The next morning Sam opened his eyes; his lover was leaning over him. Right away Franz said,
“Es tut mir Leid.
I'm sorry for what I did last night. I don't know what came over me, I just … You don't know how sorry I am. You can stay here as long as you want, just tell me,
sag mir…
” Franz wanted what he hated.

Sam did the best he could. He described wind-swept glaciers and flowers that bloomed once a century in the sun-starved tundra. Snow fell silently in the summer streets of Zurich and a distant fire roared.

Again Sam's genitals became rock, and this astonished him as much as anything. Through Franz, he was becoming the stone Earth; the final border separating him from the planet was disappearing. And this transformation to rock was fuelled by desire, the most ephemeral thing on Earth.

Sam got up and sadly prepared his lunch and backpack. He left a note. “Gone to Zermatt. Be back in two days.”

Diamonds are created at a great depth, between 300 and 400 kilometres below the Earth's surface. The deeper a diamond is buried, the greater it grows. Diamonds are brought to the Earth's surface through volcanic eruption. What form would Franz's final eruption take? Sam hoped he'd be present to see the result.

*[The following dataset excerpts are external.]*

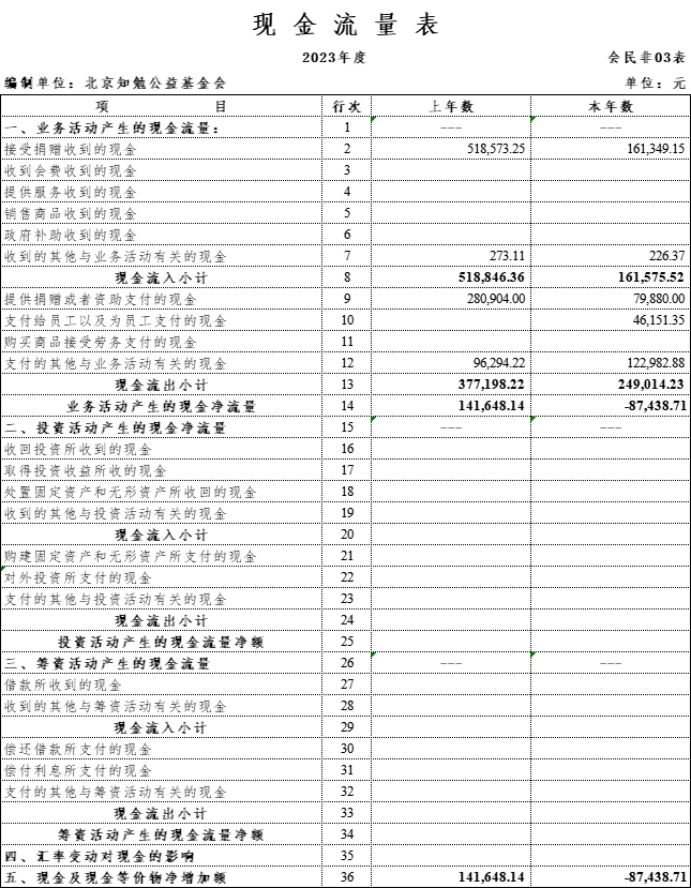 3、2023年度现金流量表
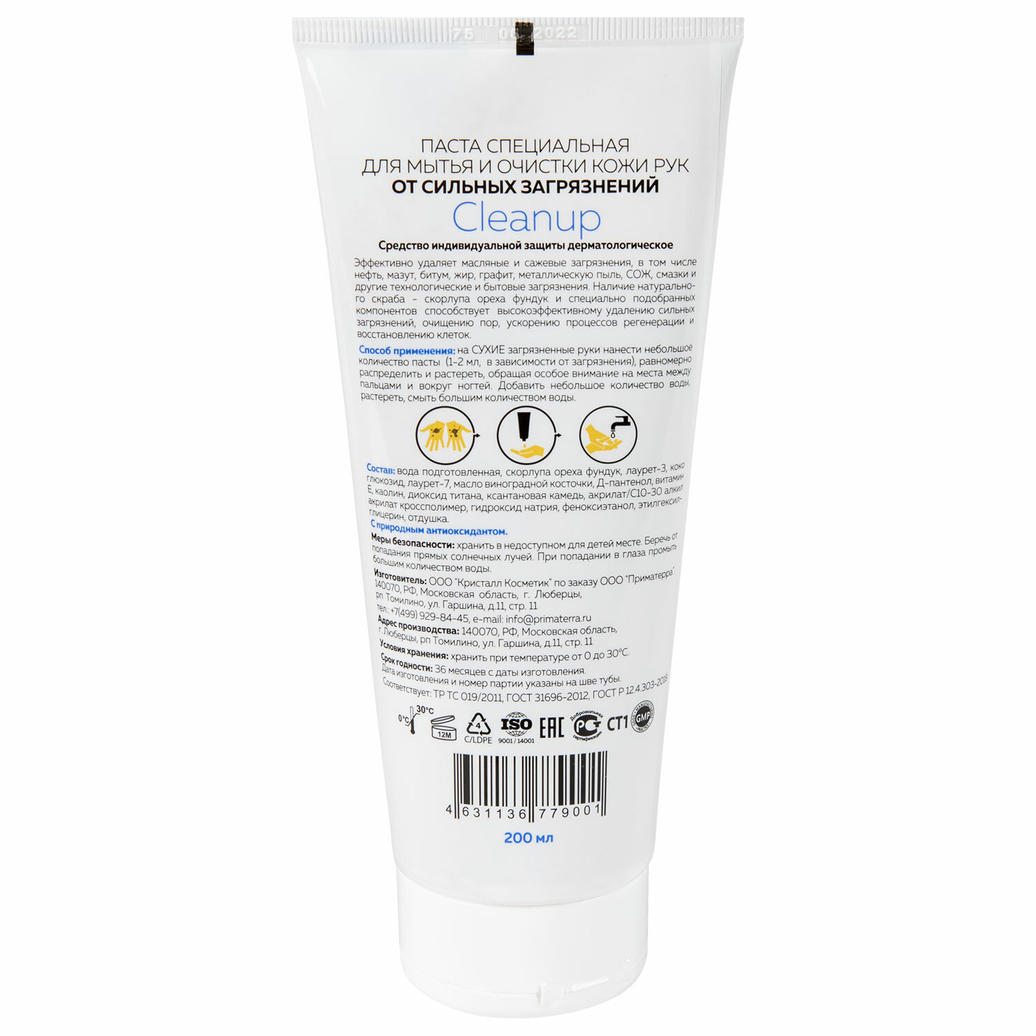Состав: — вода подготовленная; — скорлупа ореха фундук; — лаурет-3; — коко глюкозид; — лаурет-7; — масло виноградной косточки; — Д-пантенол; — витамин E; — каолин; — диоксил титана; — ксантановая камедь; — акрилат/C10-30 акрио акрилат кроссполимер; — гидроксид натрия; — феноксиэталон; — этилгексилглицерин; — отдушка. Наличие в составе натурального скраба (виноградная косточка) и природного антиоксиданта (масло виноградной косточки) способствует высокоэффективному удалению сильных загрязнений, очищению пор, ускорению процессов регенерации, замедлению процессов формирования свободных радикалов и окисления липидов. Способ применения: На сухие загрязненные руки нанести небольшое количество пасты (1-2 мл, в зависимости от загрязнения), равномерно распределить и растереть, обращая Особое внимание на места между пальцами и возле ногтей. По мере того, как грязь начнет растворяться, немного смочить руки водой и снова растереть. Смыть грязь и остатки пасты водой. Срок годности: 36 месяцев. Упаковка: флакон 200 мл.
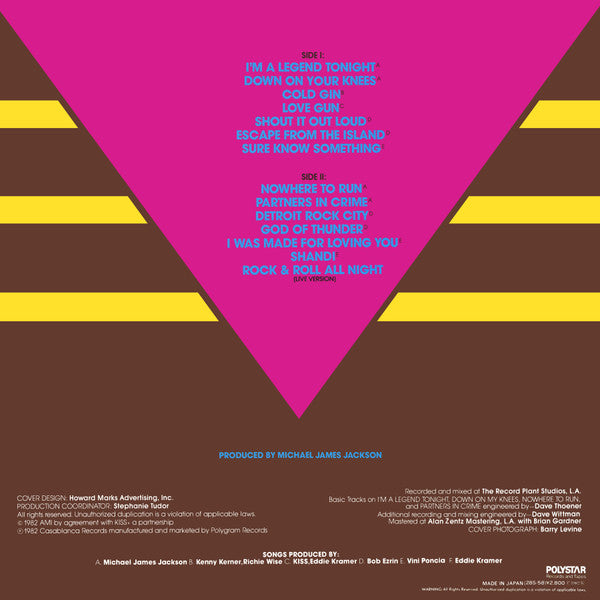 Limited Edition initial first pressing. Comes with an obi strip indicating it has limited edition extras 1. Vinyl "Beach Bag", 2. silver metallic sticker 3. pin-up/poster, and the usual liner notes/lyrics insert sheet.℗1982 Casablanca Records

The Matterhorn is a massive crooked finger angling skyward. Sam was conscious of it everywhere in Zermatt and wasn't sure if he was watching it or it was watching him. By a lake at its foot, he studied a sheet of gabbro protruding from the ground. He fingered the angular lumps and pulverized fragments from 300 million years ago, when the continents were united. He ran his
fingers over the bulbous rock veins and sniffed the dust on his fingertips. He intoned lines from a speech he could give. “The North American and Eurasian plates were once joined. Present-day Canada touched Switzerland but broke away. Then Spain rotated downward while Italy, protruding like a unicorn's horn from Africa's forehead, rammed upwards into Europe.” Staring into the greenish xenoliths, Sam realized that Franz's country and his own contained the same crystalline rock. The gabbro sheet stood before him like a mirror. He could be in Canada now, but he was on the other side of the ocean. Things were the same and different. He'd gone through a looking-glass and out the other side. Feeling spooked, he hurried away from the lake.